Data records:

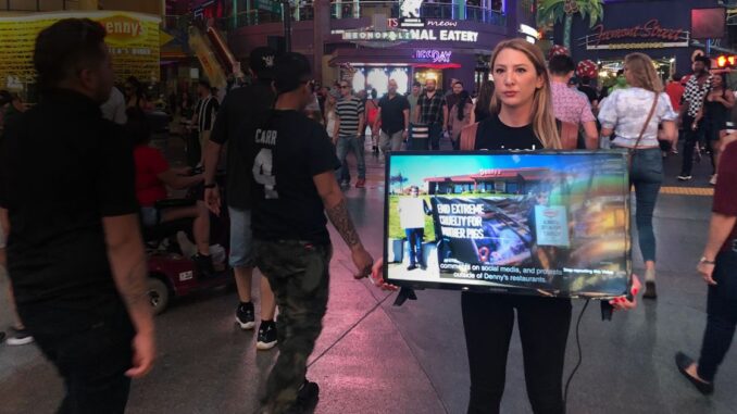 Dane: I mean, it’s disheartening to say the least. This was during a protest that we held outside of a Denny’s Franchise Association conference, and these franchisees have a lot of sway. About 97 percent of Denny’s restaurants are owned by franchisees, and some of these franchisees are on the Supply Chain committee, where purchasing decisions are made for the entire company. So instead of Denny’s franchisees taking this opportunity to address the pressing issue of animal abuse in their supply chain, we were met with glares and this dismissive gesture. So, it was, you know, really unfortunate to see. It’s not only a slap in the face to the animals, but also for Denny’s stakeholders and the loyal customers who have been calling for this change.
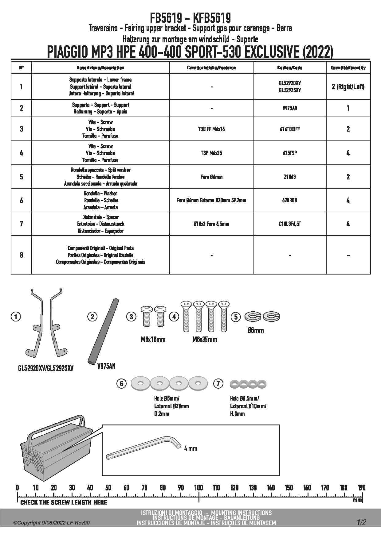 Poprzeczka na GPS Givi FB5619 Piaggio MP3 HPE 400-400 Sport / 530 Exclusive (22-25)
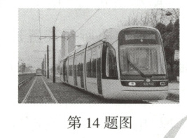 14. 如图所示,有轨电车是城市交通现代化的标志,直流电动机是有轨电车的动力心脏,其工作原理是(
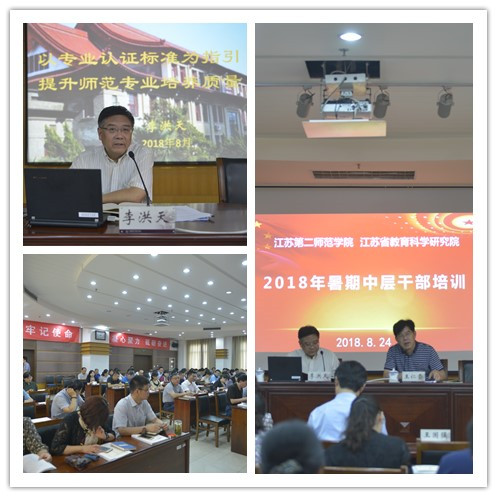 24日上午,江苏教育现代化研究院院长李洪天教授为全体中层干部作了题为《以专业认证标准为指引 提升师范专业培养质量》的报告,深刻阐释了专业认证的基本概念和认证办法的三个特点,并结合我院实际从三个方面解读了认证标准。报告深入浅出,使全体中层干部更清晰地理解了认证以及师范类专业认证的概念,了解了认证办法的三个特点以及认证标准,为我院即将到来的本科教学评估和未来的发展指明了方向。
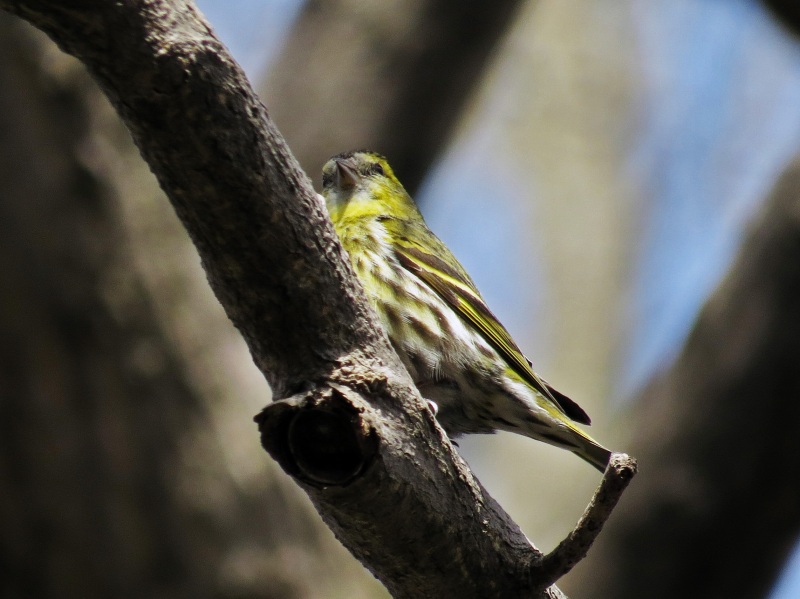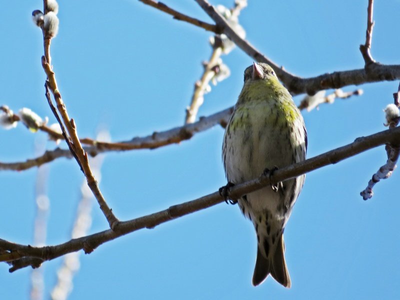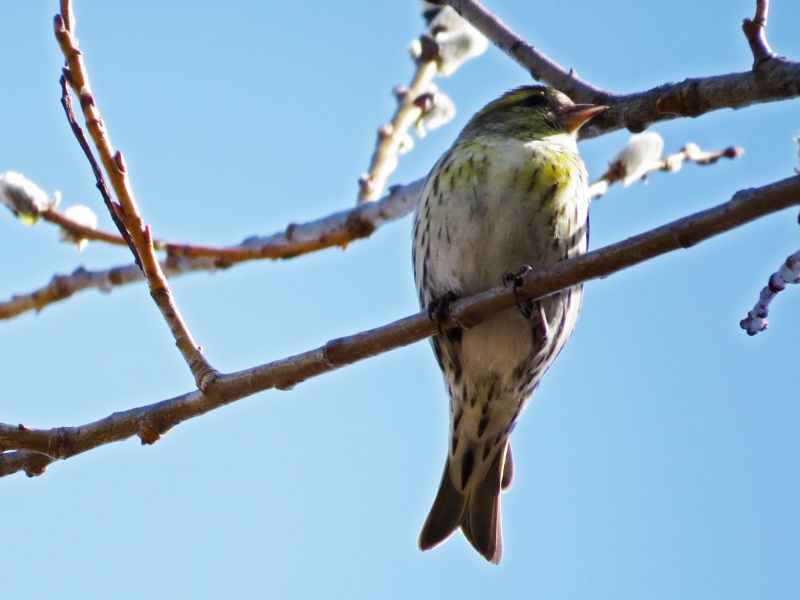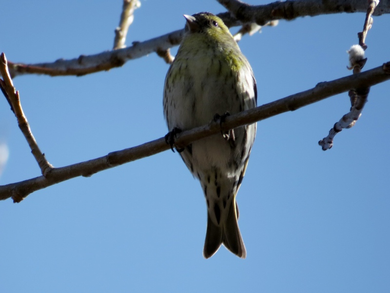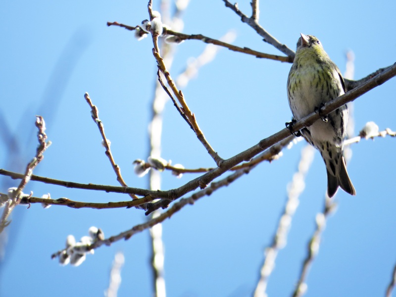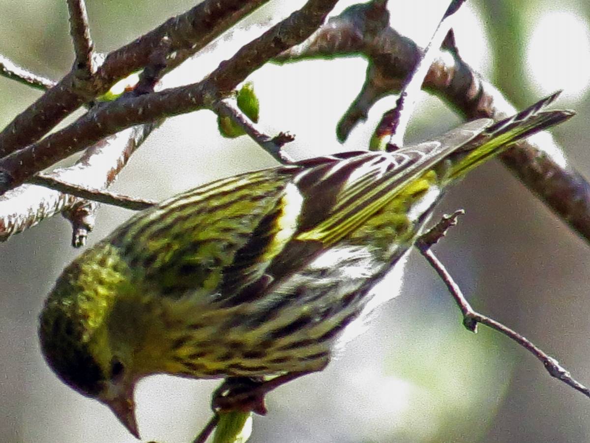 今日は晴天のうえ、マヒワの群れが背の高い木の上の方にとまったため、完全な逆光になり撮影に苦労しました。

Your assignment: Output a precise copy of the entries, leaving the images out.

Exercise answer:
 Dane: I mean, it’s disheartening to say the least. This was during a protest that we held outside of a Denny’s Franchise Association conference, and these franchisees have a lot of sway. About 97 percent of Denny’s restaurants are owned by franchisees, and some of these franchisees are on the Supply Chain committee, where purchasing decisions are made for the entire company. So instead of Denny’s franchisees taking this opportunity to address the pressing issue of animal abuse in their supply chain, we were met with glares and this dismissive gesture. So, it was, you know, really unfortunate to see. It’s not only a slap in the face to the animals, but also for Denny’s stakeholders and the loyal customers who have been calling for this change.
 Poprzeczka na GPS Givi FB5619 Piaggio MP3 HPE 400-400 Sport / 530 Exclusive (22-25)
 14. 如图所示,有轨电车是城市交通现代化的标志,直流电动机是有轨电车的动力心脏,其工作原理是(
 24日上午,江苏教育现代化研究院院长李洪天教授为全体中层干部作了题为《以专业认证标准为指引 提升师范专业培养质量》的报告,深刻阐释了专业认证的基本概念和认证办法的三个特点,并结合我院实际从三个方面解读了认证标准。报告深入浅出,使全体中层干部更清晰地理解了认证以及师范类专业认证的概念,了解了认证办法的三个特点以及认证标准,为我院即将到来的本科教学评估和未来的发展指明了方向。
 今日は晴天のうえ、マヒワの群れが背の高い木の上の方にとまったため、完全な逆光になり撮影に苦労しました。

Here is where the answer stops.